Matthew Kim
Student
LAHS ASI (Advanced Science Investigation) - Computer Science / Coding
Making The Future Safer: Artificial Intelligence and Subtle Biases
Technology
Research has found that NLGs are capable of generating toxic language, prompted or unprompted. However, there has been little such effort to moderate the AI generation of subtle hate in the form of microaggressions, subtle discriminatory remarks based upon one’s membership in an marginalized group.
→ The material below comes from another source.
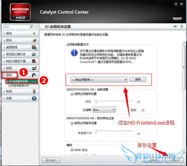 3、(可选步骤) 打开catalyst(tm) control center >游戏 >3D应用程序设置 >新应用程序添加猩猩助手进程 > 保存

This project aims to identify the extent to which natural language models generate text-based microaggressions. This is done by first training an AI model capable of detecting microaggressions using a database of user-submitted microaggressions, as well as human-classified Reddit comments. The natural language model GPT-3 was then used to create ~10,000 AI generations, each roughly eighty characters long, using a corpus of sentence starters scraped from the internet, paired with toxicity scores from a commonly-used toxicity classifier. The aforementioned microaggression detection model was then used to classify each generation. Most classifications were identified as likely non-microaggressive, but a significant number of generations were identified as being likely microaggressive. However, empirical analysis finds that many (though not all) completions cited as potential microaggressions merely mentioned identity or one’s status in a marginalized group, meaning that more testing is necessary to draw conclusive results regarding AI’s ability to systematically generate microaggressions. In addition, there was little correlation between the toxicity of a prompt and how likely a generation was to be classified as microaggressive.
Meet the Speaker:
Matthew Kim is a LAHS senior who has been researching subtle biases in AI since last year. When he's not doing research, he loves writing poetry, solving Rubik’s Cubes and reviewing music.